■ What is needed: Scan the entries for lines with the word "their", then copy those lines.

(Dataset entries)
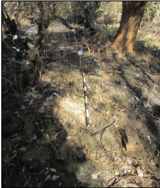
Fig.2: One of the stone-packed graves on Site 1.
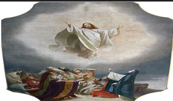
ASCENSION OF THE LORD
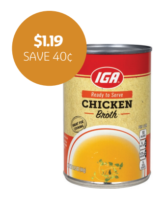
IGA Chicken Broth 15 oz., Ready to Serve
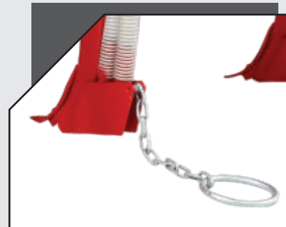
SEED COVERING CHAIN
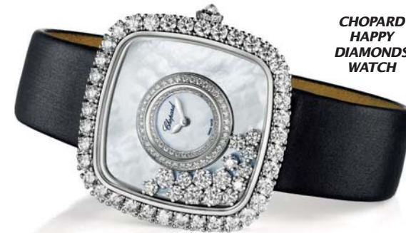
CHOPARD HAPPY DIAMONDS WATCH
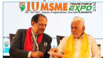
Sh. Parshottam Rupala Union Minister of Animal Husbandry, Dairying and Fisheries
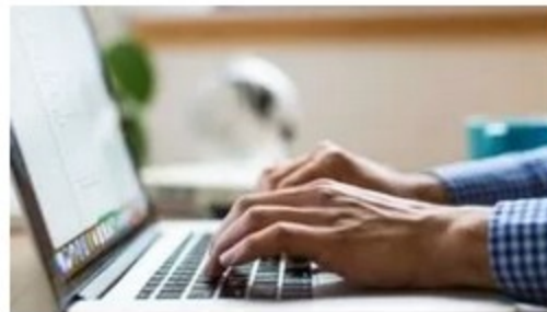
State pensioners face having to 'choose self-employment' over 'retirement'
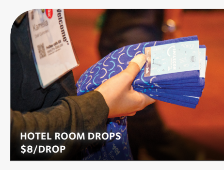
Get your message directly into the hands of attendees of select block hotels.
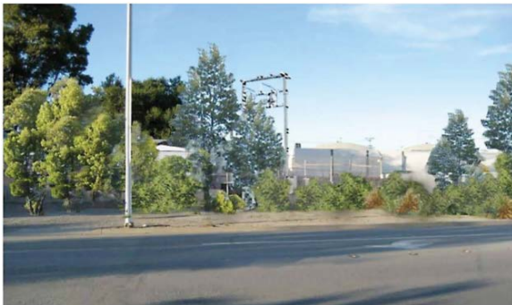
Paralleling Station Rendering at California/Lincoln
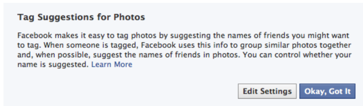
FIGURE 2: Facebook notice for facial recognition tagging technology (January 27, 2012).

photo uploading system and entirely fails at informing users how their photo data will be used or to provide any meaningful consent for use..
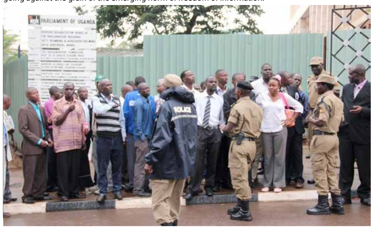
Citizens from Uganda's oil region are prevented from entering the Parliamentary debate on oil.

Regarding the claim State often use that contracts forbid public release, the book states that, in most contracts, the wording does not stipulate that contracts cannot be made public, but merely that information attached to oil production, such as seismic data and analysis from drilling should not be disclosed. The authors of the book also highlight the unnecessary step of keeping contracts hidden as going against the grain of the emerging norm of freedom of information.
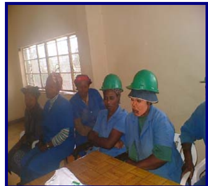
Harding Treated Timbers employees
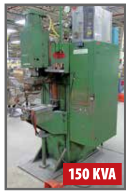
PEER SPOT WELDER
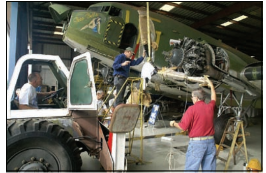
Right prop moves into place!
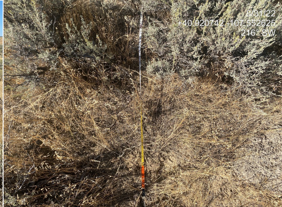
Photo 10. Photo taken to the south of the Location shows the ground surface at the start of the reference area vegetation monitoring transect.
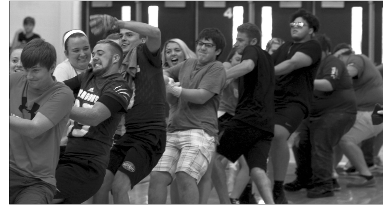
Heave ho! the seniors pull with all their might, beating the sophomores and advancing to the finals. The juniors defeated the seniors in the tug-o-war finals.
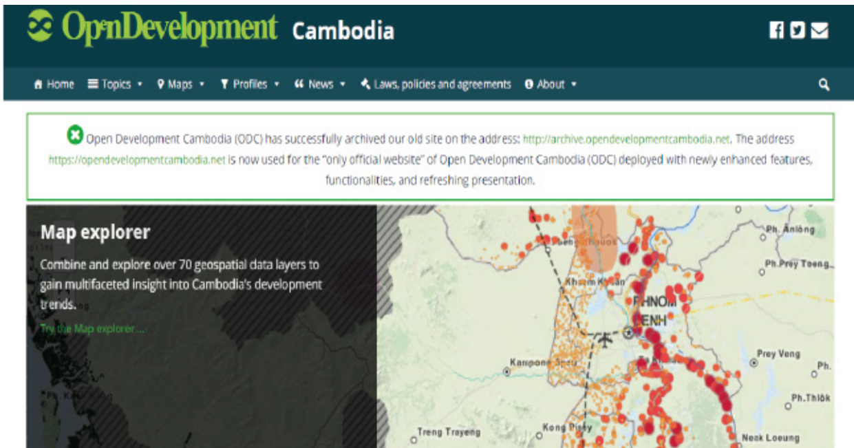
Figure 1. ODC’s Open Data Portal

the information on topics like the quality of Cambodian governance, environmental policy and construction codes would not be possible without government data being made accessible.
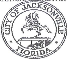
LENNY CURRY, MAYOR

■ Task response:
photo uploading system and entirely fails at informing users how their photo data will be used or to provide any meaningful consent for use..
Heave ho! the seniors pull with all their might, beating the sophomores and advancing to the finals. The juniors defeated the seniors in the tug-o-war finals.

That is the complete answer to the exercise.